### Problem description
Exact copies of the lines below are the goal; any images in them are dropped.

### Available data
****

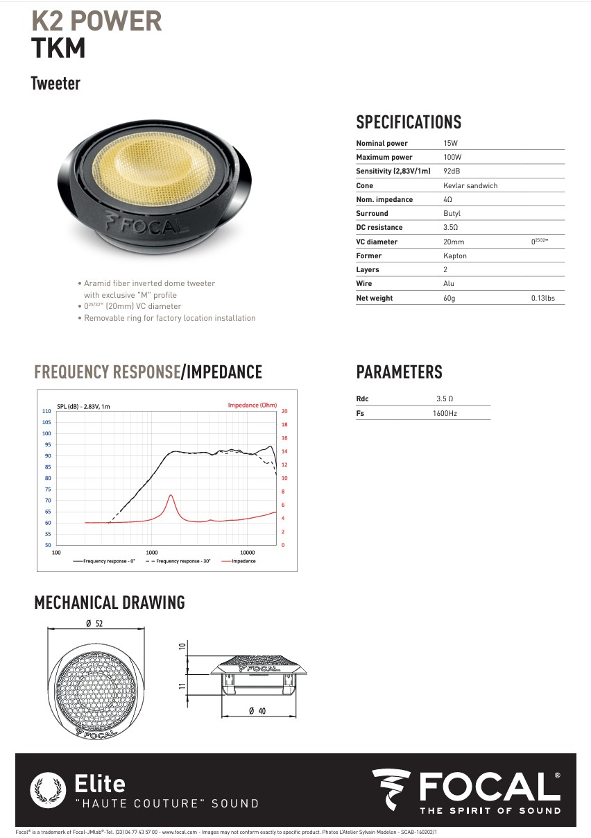 Tweeter: TKM (Perfil “M”cúpula invertida em Kevlar)
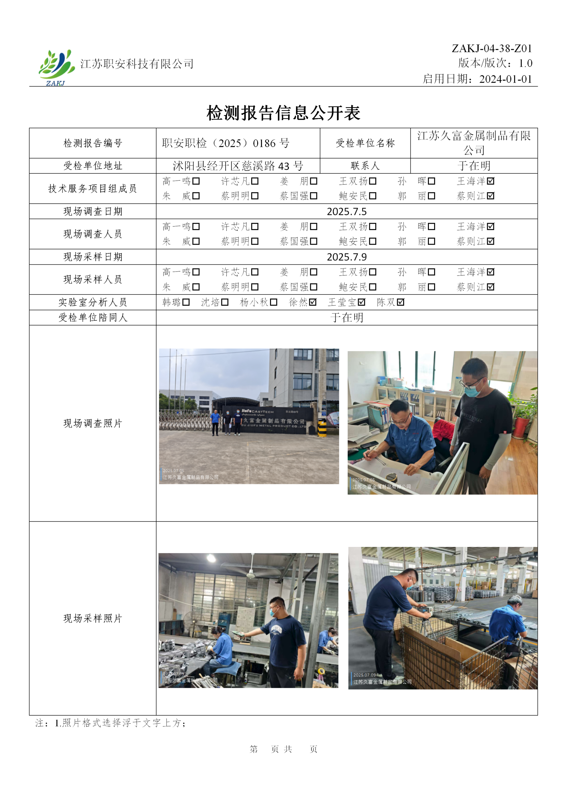 檢測報告公示
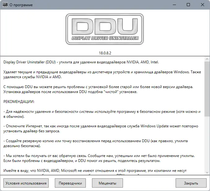 Описание Display Driver Uninstaller

****

### Your solution
 Tweeter: TKM (Perfil “M”cúpula invertida em Kevlar)
 檢測報告公示
 Описание Display Driver Uninstaller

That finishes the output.